The newly renovated Keller Center, home to the University of Chicago’s Harris School of Public Policy on Chicago’s South Side, is crafted from a 1963 building designed by the architect of New York’s Radio City Music Hall and D.C.’s Kennedy Center, Edward Durell Stone. On the outside is a colonnade of delicate columns etched with a hexagonal motif. Stone’s original interior sported wood paneling, pea-green paint, and purple carpet—the sort of swinging-’60s vibe where you’d expect to be greeted by a door person dispensing cigarette holders.
Now, there are burly concrete slabs and columns, and a monumental staircase sheathed in black steel, surrounded by break-out spaces, glass-walled classrooms and meeting rooms, and open-office workstations. It could be a coworking space, or tech office, or a library lounge—it’s largely a neutral container.

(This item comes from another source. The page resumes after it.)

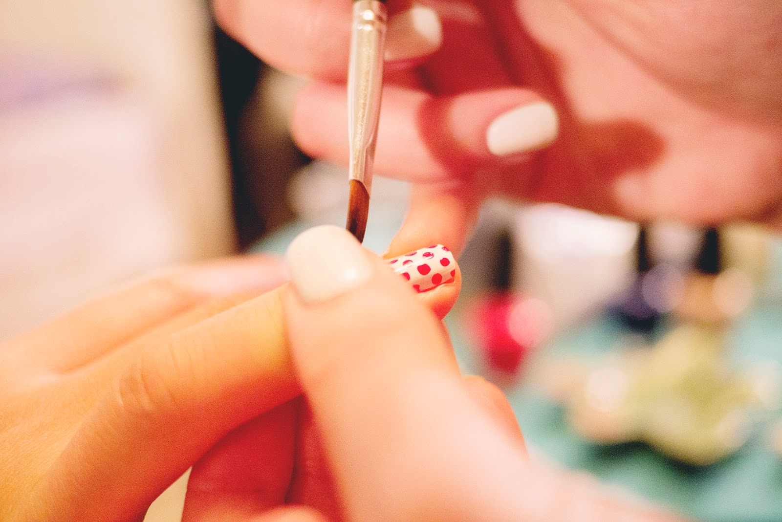 so I tried doing a polka dot pattern, also just a heads up I HAVE NEVER DONE NAILS BEFORE whose idea was this haha idk but someone's gonna regret it

Until you get to its core. The building’s four-story atrium is dominated by terraced stair seating created in the shop of renowned Chicago artist Theaster Gates. The medium-hued wood—milled from ash trees in the city that were destroyed by the emerald ash borer—has a mild echo of the rich, tactile materiality common to Gates’s work, often harnessed through repurposing grubby, devalued matter (like tar and roofing tiles) into sculpture. Gates’s stair warms and defines the building’s heart as a social condenser.